- _Your assignment_: I would like the lines below, from the one with "深圳市教育局關(guān)于學(xué)校體育館向社會(huì)開放的信息公告" through the one with "Assiette en porcelaine", copied exactly and without any pictures.

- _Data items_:
——————————
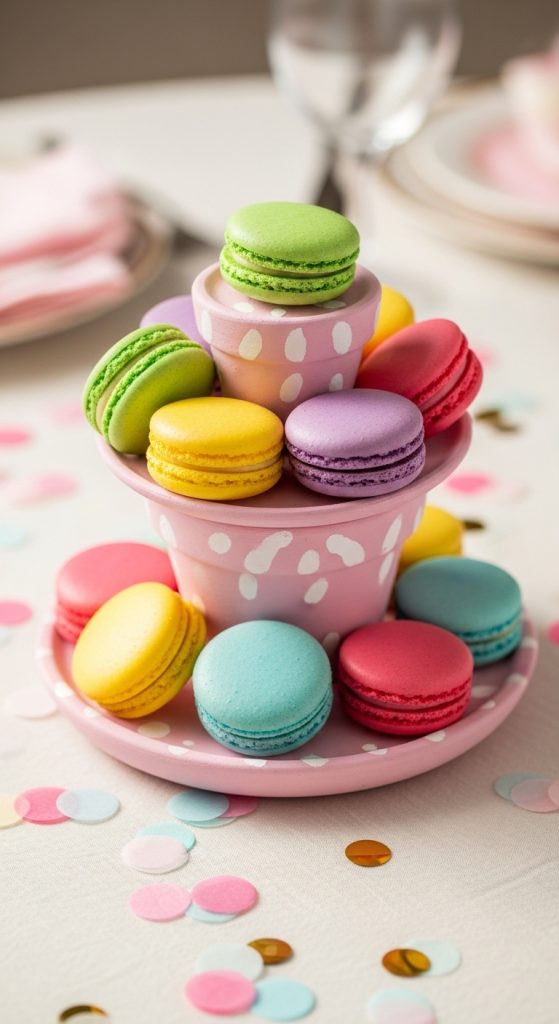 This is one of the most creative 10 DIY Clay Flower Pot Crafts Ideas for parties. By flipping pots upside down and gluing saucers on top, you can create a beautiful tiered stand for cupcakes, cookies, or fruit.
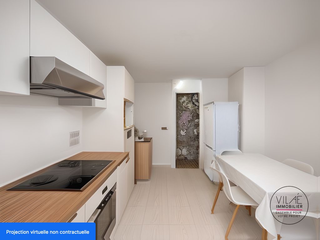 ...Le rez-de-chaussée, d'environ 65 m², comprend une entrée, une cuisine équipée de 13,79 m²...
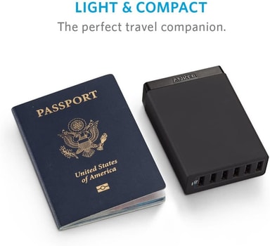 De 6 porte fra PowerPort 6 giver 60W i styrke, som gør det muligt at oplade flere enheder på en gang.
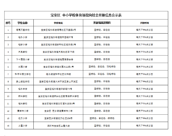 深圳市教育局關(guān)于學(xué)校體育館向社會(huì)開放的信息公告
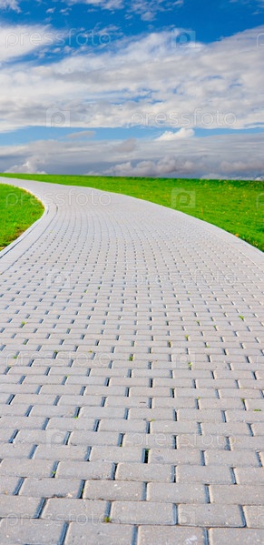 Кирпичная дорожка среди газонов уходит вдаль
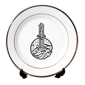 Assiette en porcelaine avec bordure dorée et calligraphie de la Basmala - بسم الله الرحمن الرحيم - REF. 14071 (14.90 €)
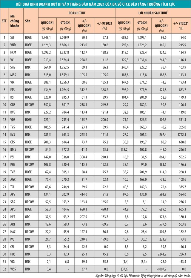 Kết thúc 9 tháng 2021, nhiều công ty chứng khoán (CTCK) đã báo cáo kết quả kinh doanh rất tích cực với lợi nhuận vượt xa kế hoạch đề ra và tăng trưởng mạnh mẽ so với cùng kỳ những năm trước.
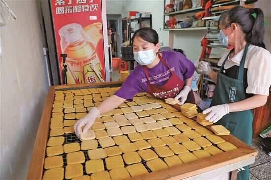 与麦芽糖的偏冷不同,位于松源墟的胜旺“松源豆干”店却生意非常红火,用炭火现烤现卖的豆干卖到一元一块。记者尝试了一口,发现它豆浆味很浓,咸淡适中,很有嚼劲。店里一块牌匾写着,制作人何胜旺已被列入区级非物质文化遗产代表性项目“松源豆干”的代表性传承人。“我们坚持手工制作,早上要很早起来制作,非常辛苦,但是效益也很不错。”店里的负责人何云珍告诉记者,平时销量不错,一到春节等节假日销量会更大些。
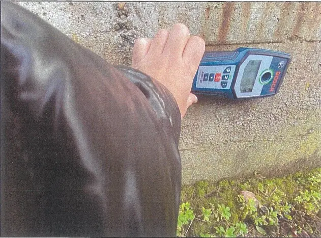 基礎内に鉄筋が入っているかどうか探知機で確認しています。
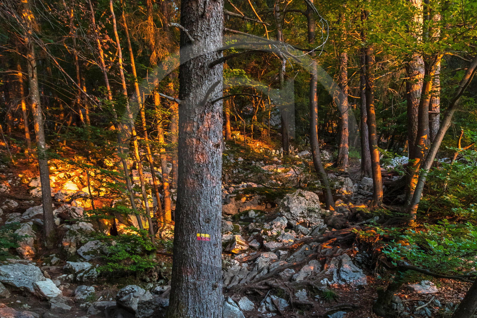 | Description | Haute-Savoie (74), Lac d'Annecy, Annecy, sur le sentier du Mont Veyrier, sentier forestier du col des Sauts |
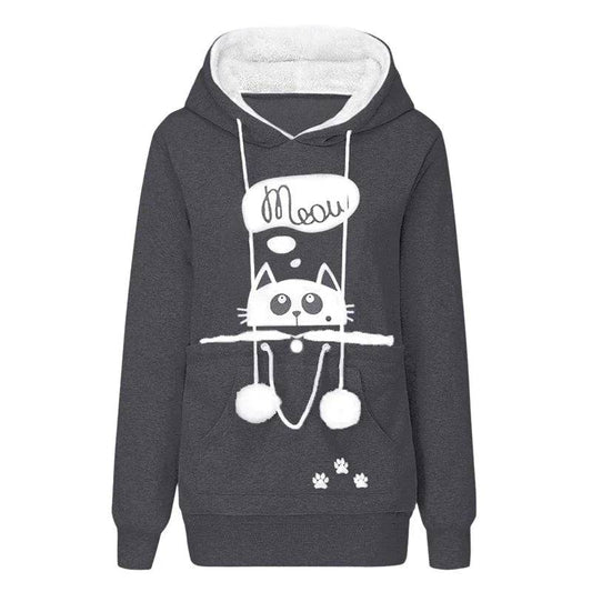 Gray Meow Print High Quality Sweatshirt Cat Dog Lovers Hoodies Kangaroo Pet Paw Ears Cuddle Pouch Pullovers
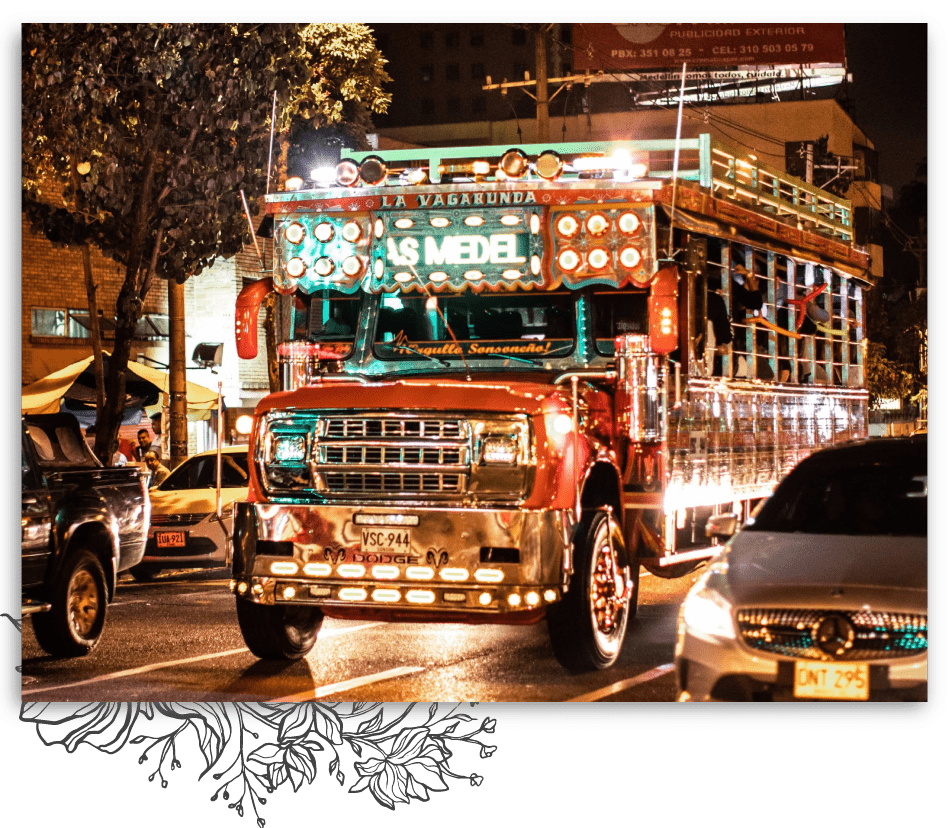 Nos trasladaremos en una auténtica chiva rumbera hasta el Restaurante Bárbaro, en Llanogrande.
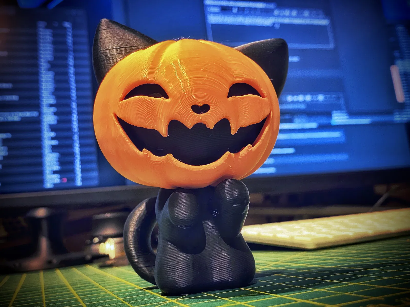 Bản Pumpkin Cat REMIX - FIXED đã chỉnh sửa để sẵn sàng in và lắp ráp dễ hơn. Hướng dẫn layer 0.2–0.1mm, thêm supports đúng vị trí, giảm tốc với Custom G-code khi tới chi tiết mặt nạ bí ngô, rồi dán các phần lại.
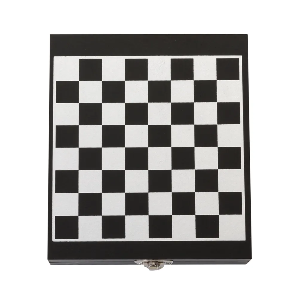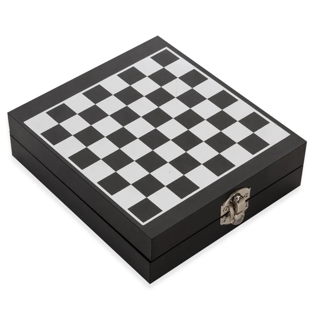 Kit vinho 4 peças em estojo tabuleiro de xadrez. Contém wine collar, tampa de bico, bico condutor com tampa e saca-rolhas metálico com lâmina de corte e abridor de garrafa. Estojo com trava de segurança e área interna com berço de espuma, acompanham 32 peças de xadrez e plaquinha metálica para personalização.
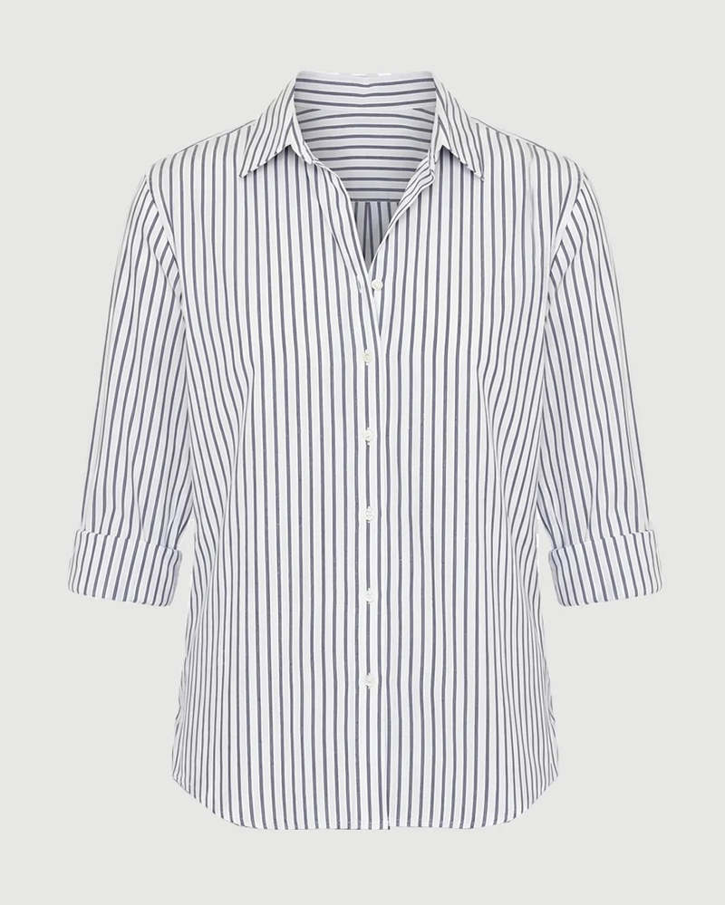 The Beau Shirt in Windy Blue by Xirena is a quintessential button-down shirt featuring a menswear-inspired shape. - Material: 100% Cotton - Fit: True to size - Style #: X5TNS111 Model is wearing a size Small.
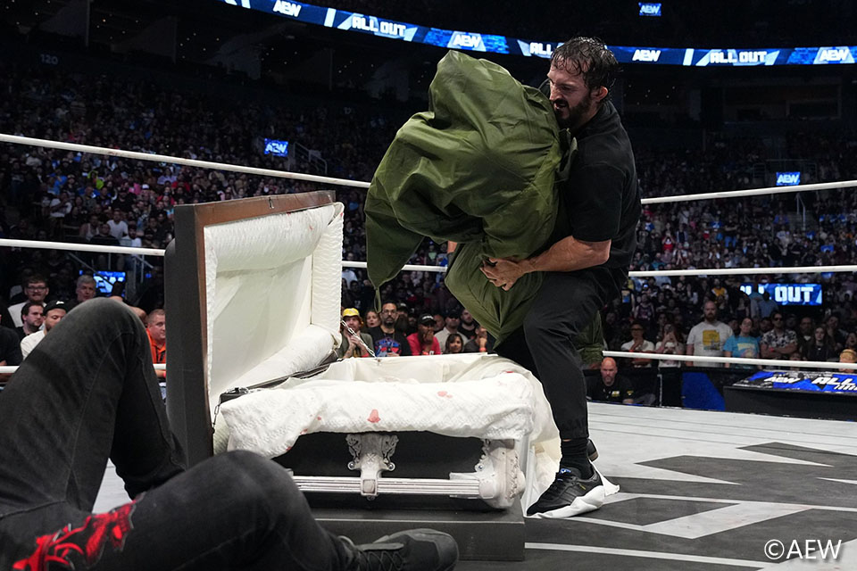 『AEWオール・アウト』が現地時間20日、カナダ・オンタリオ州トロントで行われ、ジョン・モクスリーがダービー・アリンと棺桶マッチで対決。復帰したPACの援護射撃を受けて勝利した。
——————————
- _Solved exercise_:
 深圳市教育局關(guān)于學(xué)校體育館向社會(huì)開放的信息公告
 Кирпичная дорожка среди газонов уходит вдаль
 Assiette en porcelaine avec bordure dorée et calligraphie de la Basmala - بسم الله الرحمن الرحيم - REF. 14071 (14.90 €)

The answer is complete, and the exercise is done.